The Rantings of a Tortured Mind

Valerie Rayne Rants

This post is intended for adults 18+

Does This Happen To You?!?

4 Comments


You know what bugs me? Not that it bugs me all the time, just that it’s bugging me right now. Every time that I have out-of-this-world, as I call it mind-boggling sex, I spend the next day or a few days afterwards feeling down and out and a little bit like I’m in a funk. I don’t know if other people experience this, but I definitely do and I definitely don’t like it!

I’m always reading about subdrop and how to avoid it and what to do about it. There are tons of articles on the web and I’m no expert in it, so I won’t bore you with what I hypothetically know about it. But from what I’ve read, it’s as if that’s what I experience after that really good sex. The sex that goes down in your relationship history book.

Normally, I just shrug it off as the after-loving-blues and carry on as if it’s nothing, but today’s blues are being relentless. I feel like I have a hangover, that’s more what it feels like. I’m down and out, I’m sorer than normal and I’m in a right bitchy mood for absolutely no reason. It’s like panic-mode-PMS. And it’s making me even more grumpy than I already am, and the fact that I’m grumpy with no logical reason is just making me sad.

And I wish I could figure out what it is that would take me out of this. I know I don’t want cuddles, and I don’t want massages, and I don’t want to get up and move around. I already walked to the store and that definitely did not help with my mood. I know of all the things that I don’t want but I can’t give you one thing that I do want to do. And I despise that!

Does anyone else experience this the day after having sex? Do you find that your mood is different and that you don’t like it? Or do you like the mood change? Or do you notice absolutely no difference the day after?

Author: Anyone

Anyone is a wannabe kinkster, blog-a-holic, mom of six ranting about life, love and blogging, and an adult content creator.

4 thoughts on “Does This Happen To You?!?

  1. It’s hormonal. You’re coming off an endorphine peak. Best move is little endorphin hits to take you down more slowly. In other words, masturbate a few times the days after good sex. It won’t stop you hitting bottom, but the deceleration will be less sudden.

    Also: chocolate.

    • Hmm interesting ideas! Chocolate makes so much sense. I wonder though, if a) this could lead to dependency on orgasm as the only solution to the down and out feeling and b) what if it happens after masturbating? Could you imagine how often you’d have to be masturbating just to bring yourself out of a funk? And while it’s a great to masturbate a whole bunch, I just wonder what kind of behavioral/psychological issues this might contribute to over time.

      But, regardless of all my wondering, I think that I will definitely give both your suggestions a try and see which one might work.

  2. Try 20mg prozac daily.
    Squido

    • I’m not a fan of Prozac at all really.
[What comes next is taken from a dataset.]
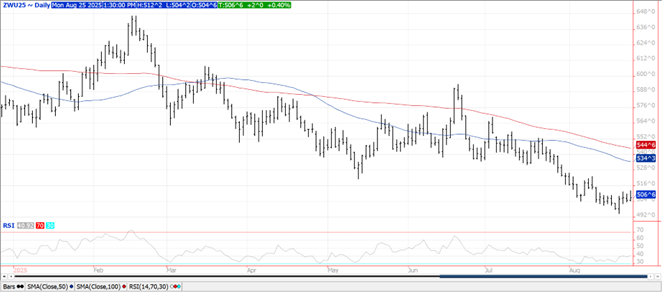 Prices ranged from $.01 lower in spot KC to $.02 ½ higher in CGO and MIAX futures.  Spreads were mixed.  US weather remains crop friendly with much of the Midwest remaining cool and dry the last week of Aug.  Rains this week of 1-3” are expected to stretch across the central plains south and east into the Delta and Gulf coast region.  Export inspections at 35 mil. bu. were well above expectations of 12-20 mil. and the highest in years.  YTD inspections at 212 mil. are up 11% from YA, vs. the USDA forecast of up 6%.  IKAR is reporting Russia’s export price for wheat ended last week at $235/mt FOB, down $3.50 from the previous week.  They attributed the price weakness to light demand from importers and seasonal supply pressure.  MARS estimates EU soft wheat yields at 6.15 mt/HA, up from last month’s forecast of 6.09 mt/HA.  Pres. Trump this AM stated Putin and Zelensky should meet while claiming there will be consequences for Russia if they don’t.  He mentioned he’d give it another week or 2 before stepping in.  MM’s were net seller of nearly 9k contracts of CGO wheat while selling roughly 1k in KC and MIAX combined.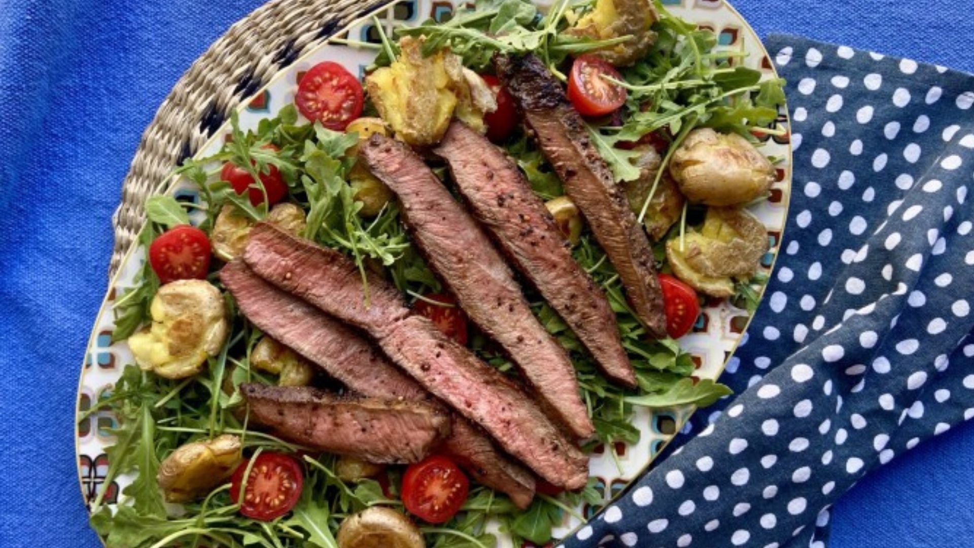 - Slice the flank steak(s) and arrange on top of the plated salad.

Firstly, I think for me personally, drugs are not the answer. Especially to an issue like after-loving-blues, which doesn’t last the required 2 weeks of sadness that most doctors will insist upon before prescribing Prozac (and if it’s a doctor who doesn’t require that, they probably don’t care about your health and just care about the Pfizer paycheck…). I also have Prozac down as one of the drugs that I’m not allowed to take because of a previous overdose… I try my hardest not to take many mind altering drugs.

      However, that’s not to say that it isn’t the right option for some people out there. I just don’t think it’s for me. But I appreciate the comment and the suggestion.